Looks like tat your multiprocessor architecture is NUMA which implies CPUs have different access time to different memory regions. Systems with such architecture balance the load between CPUs in order to load only those processors which are "closer" (have lowest access time) to the memory area is being operated on. In case of ordinal .NET application standard memory layout implies residing in the same memory area which on NUMA architectures leads to utilizing only those CPUs which are closer to this are (in your case it can be 2 NUMA nodes with 1 CPU each and only 1 us used because it servers the memory area your applications uses).
The applications which need to get benefits from the NUMA architecture are supposed to use specific APIs which expose among other calls the calls to indicate in which NUMA node to allocate a memory (here is example of API functions provided by Windows). The .NET CLR starting from version 4.5 is able to utilize this API indirectly by specific configuration settings.
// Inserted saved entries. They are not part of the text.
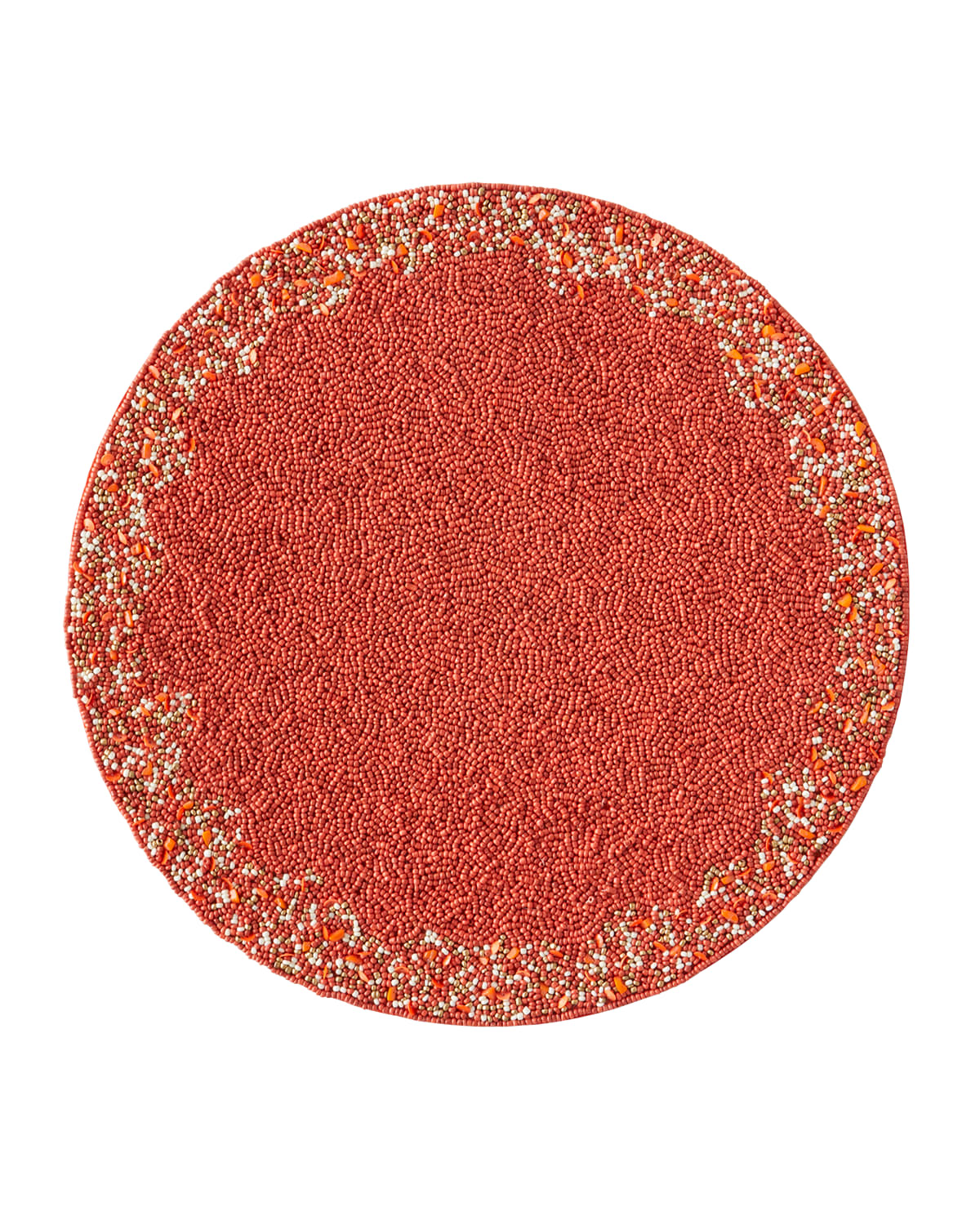 Decorative placemat made of glass, plastic, and cotton Iron on reverse as required Approx. 15"Dia. x 0.3"T Easily clean with soap and water Imported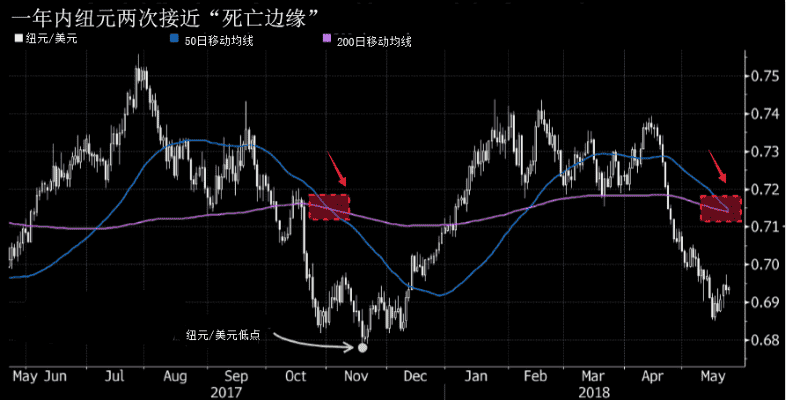 周三(5月23日)亚市盘中,纽元兑美元下跌近0.5%。新西兰央行发表了文件称“该央行并未预计官方现金利率将大幅下降”。尽管如此,在不到一年的时间里,纽元/美元再次构成“死亡交叉”——因其50天移动平均线低于200日移动均线。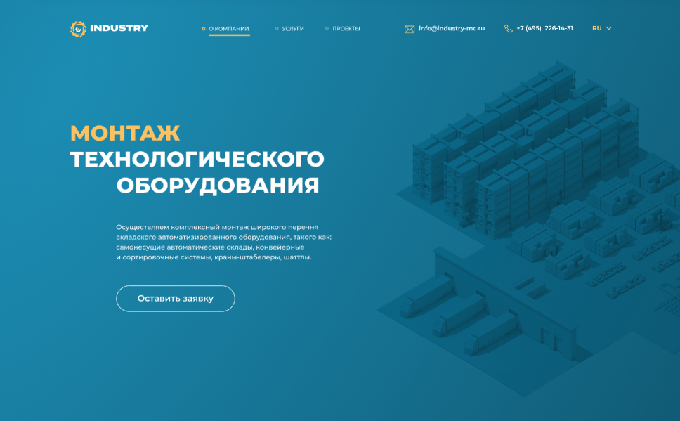 Команда «Индустри Монтаж» обратилась к нам за редизайном сайта: нужно было его осовременить и повысить конверсию, продемонстрировав статус и масштаб компании. Дополнительно стояла задача по разработке новой узнаваемой айдентики.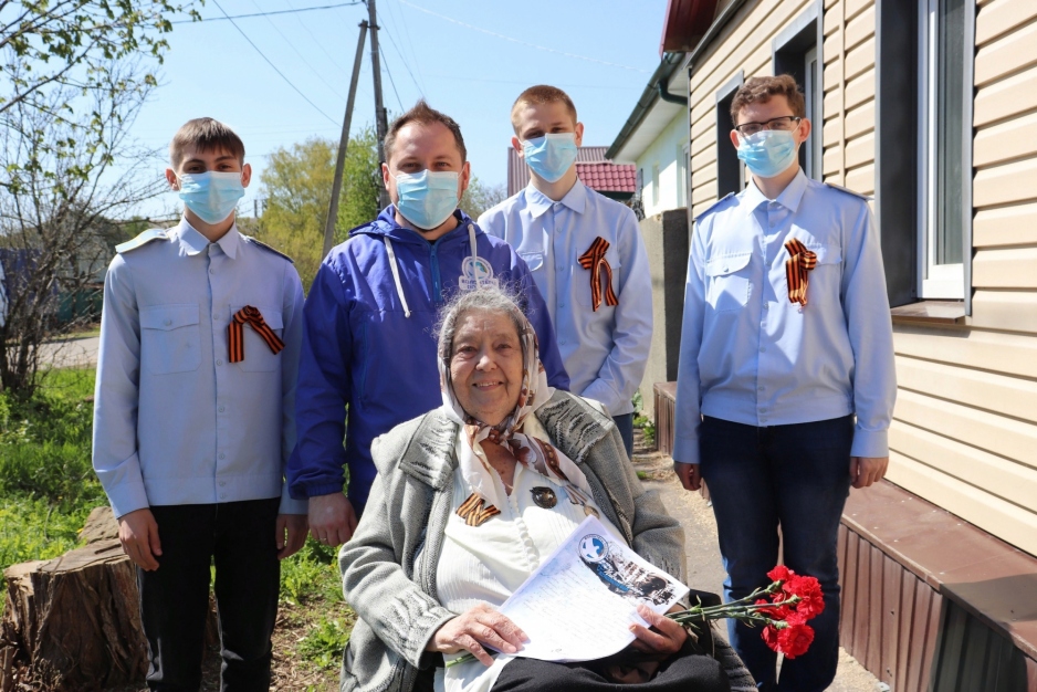 Добровольцы вместе со студентами Орловского техникума путей сообщения им. Лапочкина пожелали ветерану крепкого здоровья, бодрости духа и долгих лет жизни, а также передали «Письма Победы», которые написали учащиеся средних учебных заведений города Орла в преддверии 9 мая.

On the CLR runtimes you need to set the following options in the application settings:
<configuration>
<runtime>
<gcServer enabled="true"/>
<Thread_UseAllCpuGroups enabled="true"/>
</runtime>
</configuration>
Where gcServer
mode controls the NUMA awareness for the memory allocations so that runtime can support multiple heaps for different NUMA nodes and Thread_UseAllCpuGroups
controls the NUMA awareness for the tread pool.
However for .NET Core runtimes you need to turn on gcServer mode by using runtime options while Thread_UseAllCpuGroups
which is part of ThreadPool settings can be passed via an environment variable according to this with prefix COMPlus_
(i.e. set COMPlus_Thread_UseAllCpuGroups=1
).